Sabemos que hay millones de seres que no tienen qué comer. Sabemos también que existimos millones de seres que al sentarnos a la mesa no nos falta de nada. Banqueteamos alegremente por cualquier motivo. Si se contabilizara la comida que nos sobra en la fiesta del Nacimiento de Jesús y en las celebraciones de las primeras comuniones, en nuestras naciones cristianas, llegaríamos a saber los miles de niños que salvaríamos de la muerte con lo que se pudre en los contenedores del primer mundo. Y lo más indignante de todo es que los dirigentes de los países donde la gente se muere de hambre también banquetean alegremente como si el problema no fuera con ellos. Siempre tendrán amigos que les ayuden a mantener tan saludable costumbre.

Jesús, en la orilla del mar de Galilea, no se contentó simplemente con chasquear los dedos haciendo aparecer como por arte de magia panes y peces a voluntad. Preguntó a sus discípulos qué tenían; invitó a compartir lo poco que tenían: cinco panes y dos peces. Y se hizo el milagro. Es archisabido que, al menos desde el punto de vista alimentario, nuestra tierra tiene capacidad para mantener a más miles de millones de seres humanos que los actuales. No nos dediquemos pues a acusar a Dios de no proporcionar pan suficiente para todos, cuando cada año destruimos millones de toneladas de provisiones alimentarias, que llamamos «excedentes», para no bajar los precios.

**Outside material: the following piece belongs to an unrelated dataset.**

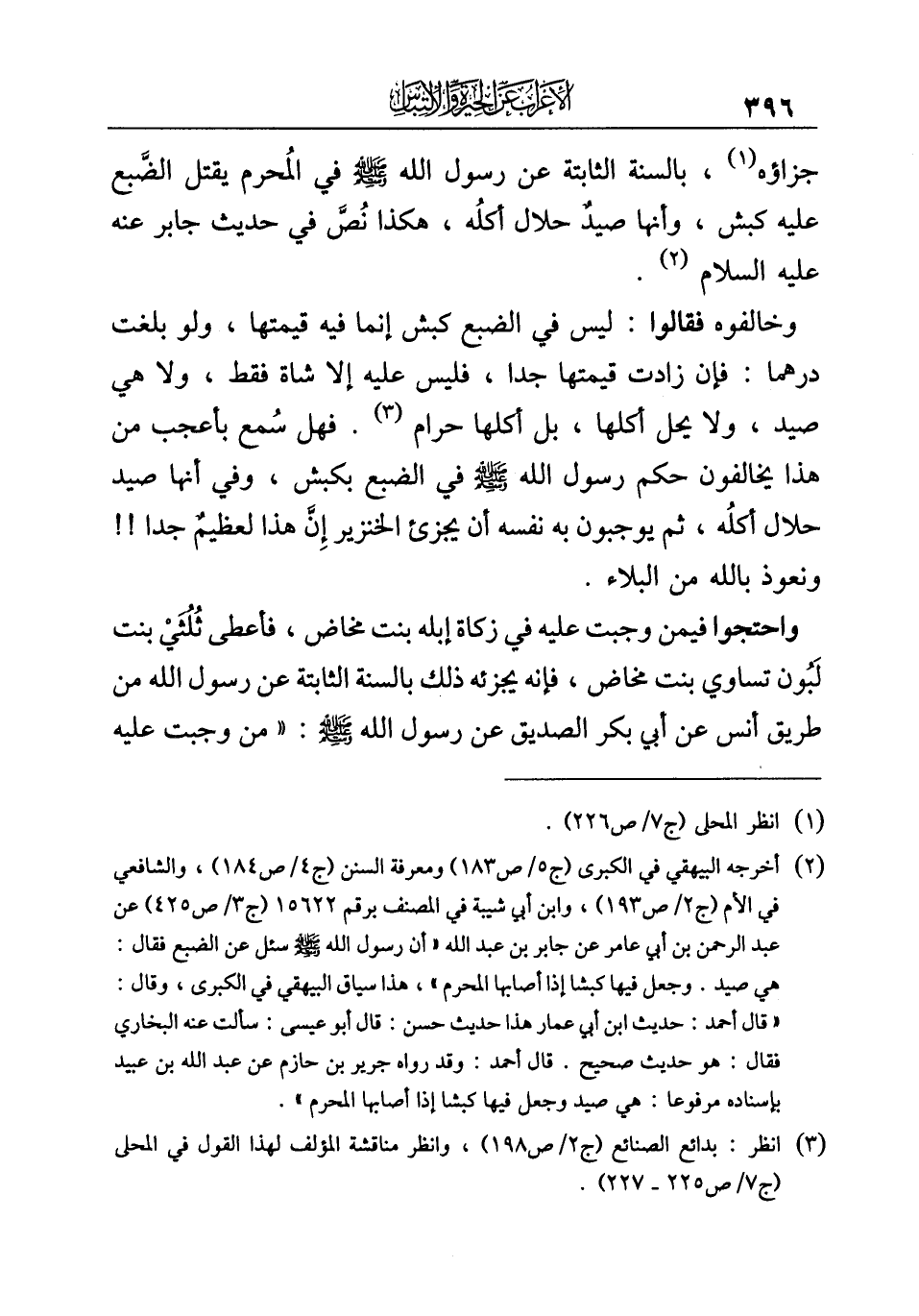 (¬٢) أخرجه البيهقي في الكبرى (ج ٥/ ص ١٨٣) ومعرفة السنن (ج ٤/ ص ١٨٤)، والشافعي في الأم (ج ٢/ ص ١٩٣)، وابن أبي شيبة في المصنف برقم ١٥٦٢٢ (ج ٣/ ص ٤٢٥) عن عبد الرحمن بن أبي عامر عن جابر بن عبد الله "أن رسول الله -صلى الله عليه وسلم- سئل عن الضبع فقال: هي صيد. وجعل فيها كبشا إذا أصابها المحرم"، هذا سياق البيهقي في الكبرى، وقال: "قال أحمد: حديث ابن أبي عمار هذا حديث حسن: قال أبو عيسى: سألت عنه البخاري فقال: هو حديث صحيح. قال أحمد: وقد رواه جرير بن حازم عن عبد الله بن عبيد بإسناده مرفوعا: هي صيد وجعل فيها كبشا إذا أصابها المحرم".

Con madura responsabilidad cristiana hemos de preguntarnos a qué nos urge la escena evangélica de este domingo, en la que percibimos como mar de fondo el clamor de los necesitados. Jesús no se quedó en mera compasión; más todavía, ni siquiera se contentó con saciar el estómago de la pobre gente que le buscaba y escuchaba. Él se les entregó personalmente porque sólo Él es el pan de vida que sacia definitivamente el hambre del ser humano. Tal responsabilidad es condición para que nuestras misas no sean una farsa cultural sino celebración auténtica de la Eucaristía comunitaria, prefigurada en la multiplicación de los panes y de los peces por Jesús para la muchedumbre hambrienta.